▶ **TASK TO CARRY OUT**
Omit the images, then output each of the records below exactly.

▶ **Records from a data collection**
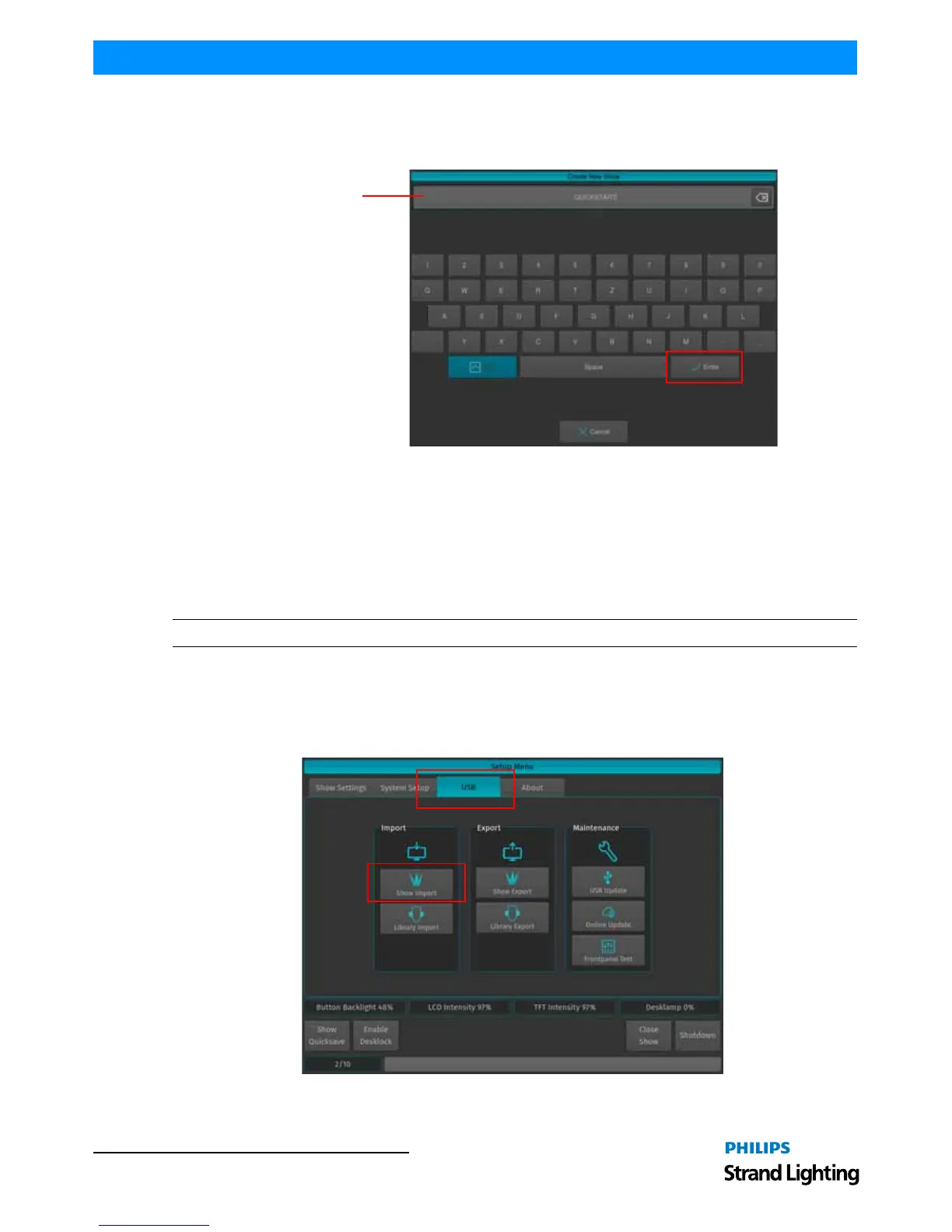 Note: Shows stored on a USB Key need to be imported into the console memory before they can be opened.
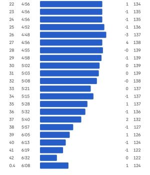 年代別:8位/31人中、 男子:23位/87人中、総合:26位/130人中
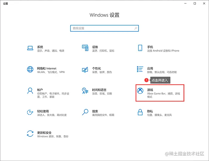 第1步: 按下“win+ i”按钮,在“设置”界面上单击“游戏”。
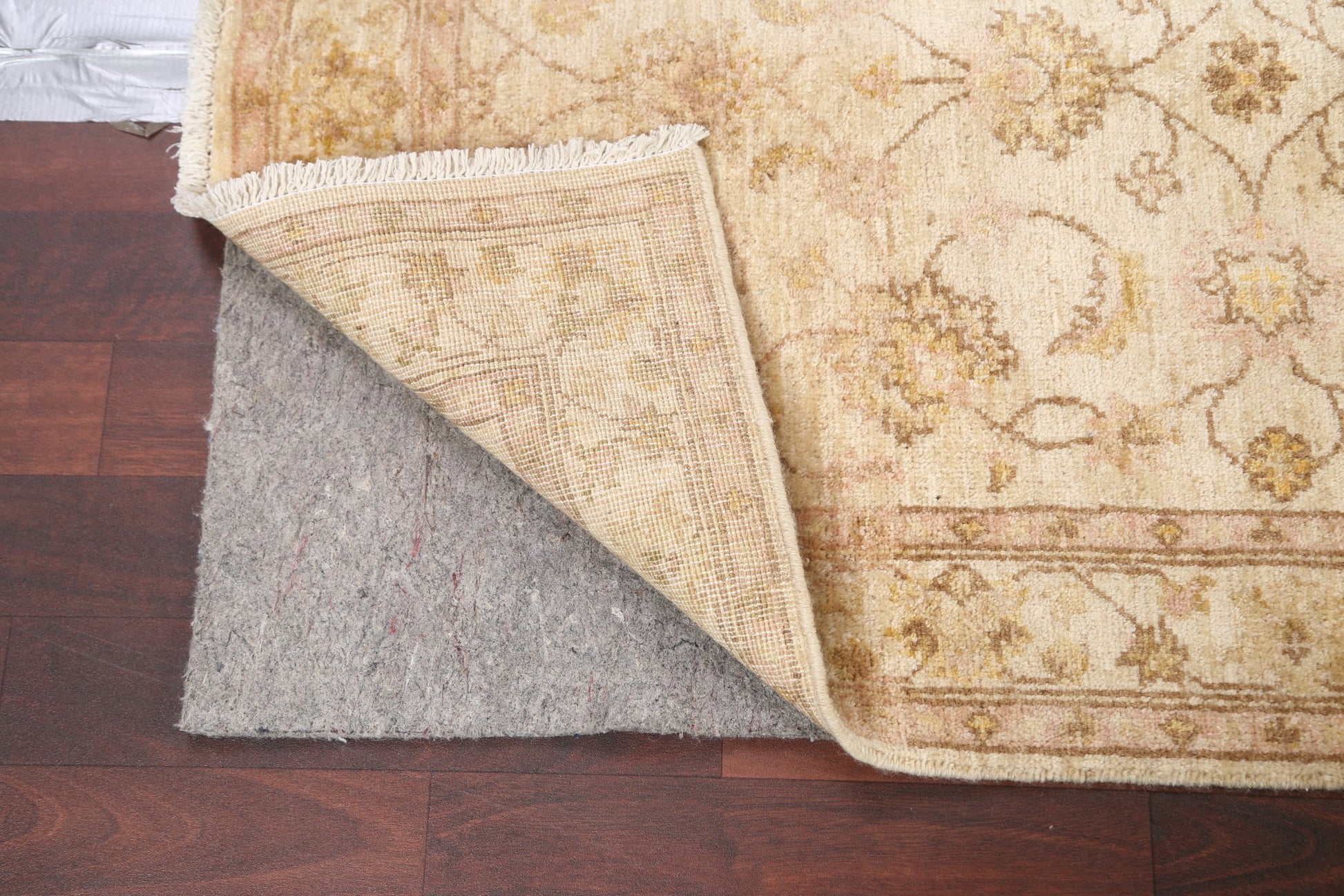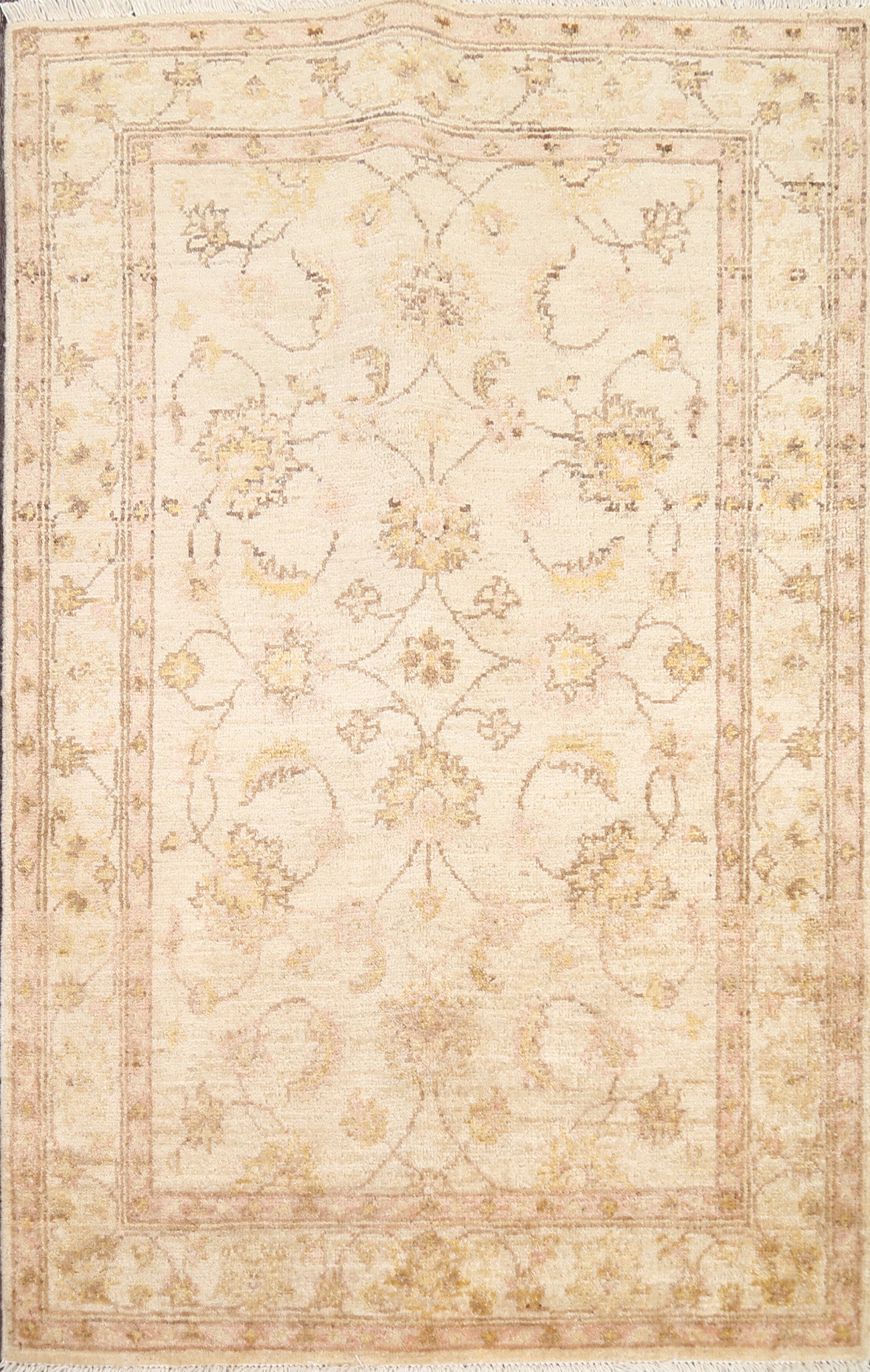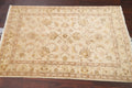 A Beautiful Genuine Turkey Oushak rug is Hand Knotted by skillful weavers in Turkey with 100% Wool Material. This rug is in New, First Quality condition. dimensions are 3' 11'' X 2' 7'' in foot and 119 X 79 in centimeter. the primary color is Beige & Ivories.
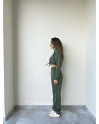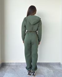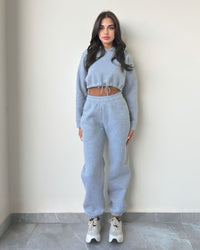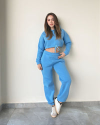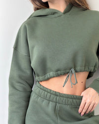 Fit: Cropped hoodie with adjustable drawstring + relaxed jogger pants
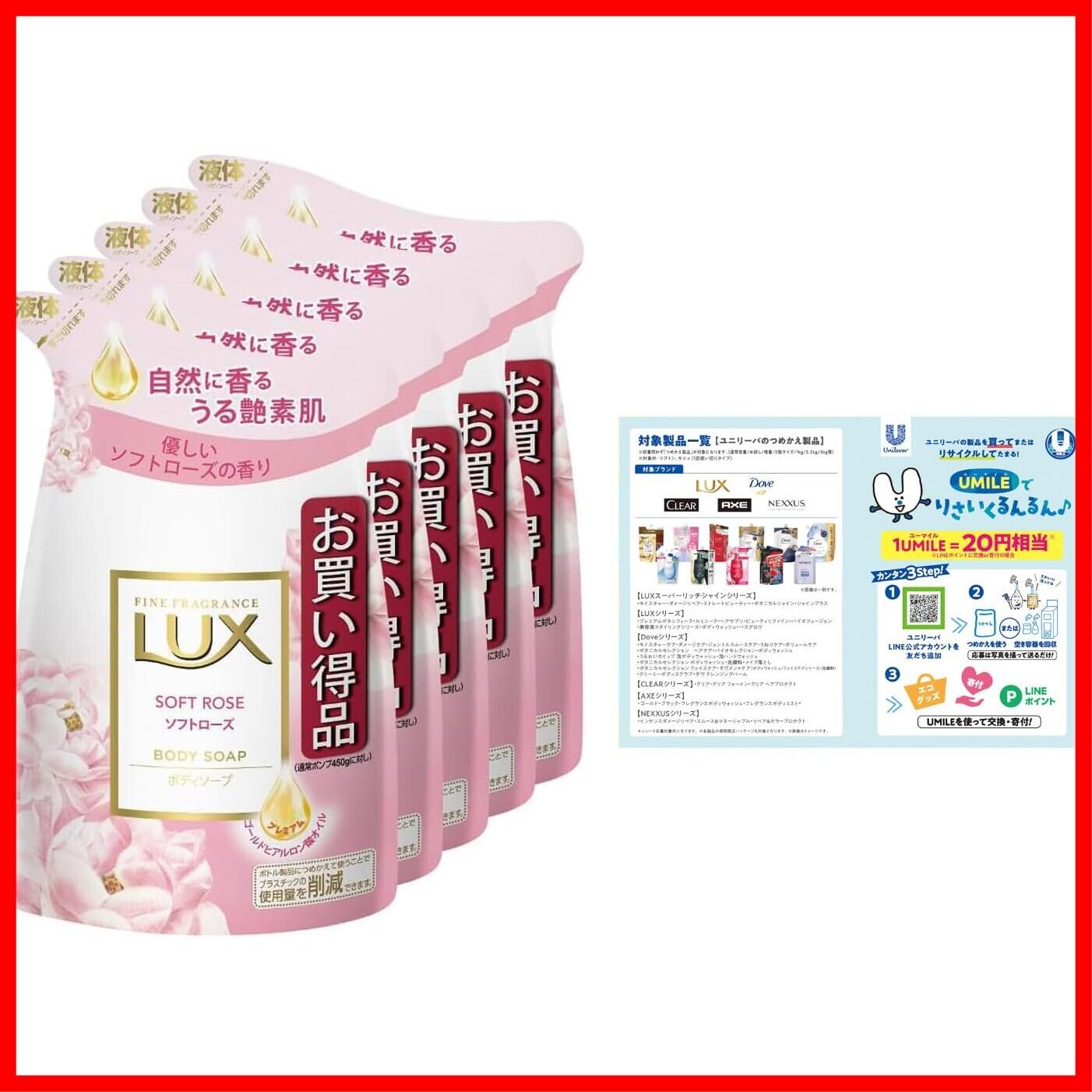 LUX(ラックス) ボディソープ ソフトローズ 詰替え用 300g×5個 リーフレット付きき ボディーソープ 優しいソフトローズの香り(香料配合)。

▶ **OUTPUT**
 Note: Shows stored on a USB Key need to be imported into the console memory before they can be opened.
 年代別:8位/31人中、 男子:23位/87人中、総合:26位/130人中
 第1步: 按下“win+ i”按钮,在“设置”界面上单击“游戏”。
 A Beautiful Genuine Turkey Oushak rug is Hand Knotted by skillful weavers in Turkey with 100% Wool Material. This rug is in New, First Quality condition. dimensions are 3' 11'' X 2' 7'' in foot and 119 X 79 in centimeter. the primary color is Beige & Ivories.
 Fit: Cropped hoodie with adjustable drawstring + relaxed jogger pants
 LUX(ラックス) ボディソープ ソフトローズ 詰替え用 300g×5個 リーフレット付きき ボディーソープ 優しいソフトローズの香り(香料配合)。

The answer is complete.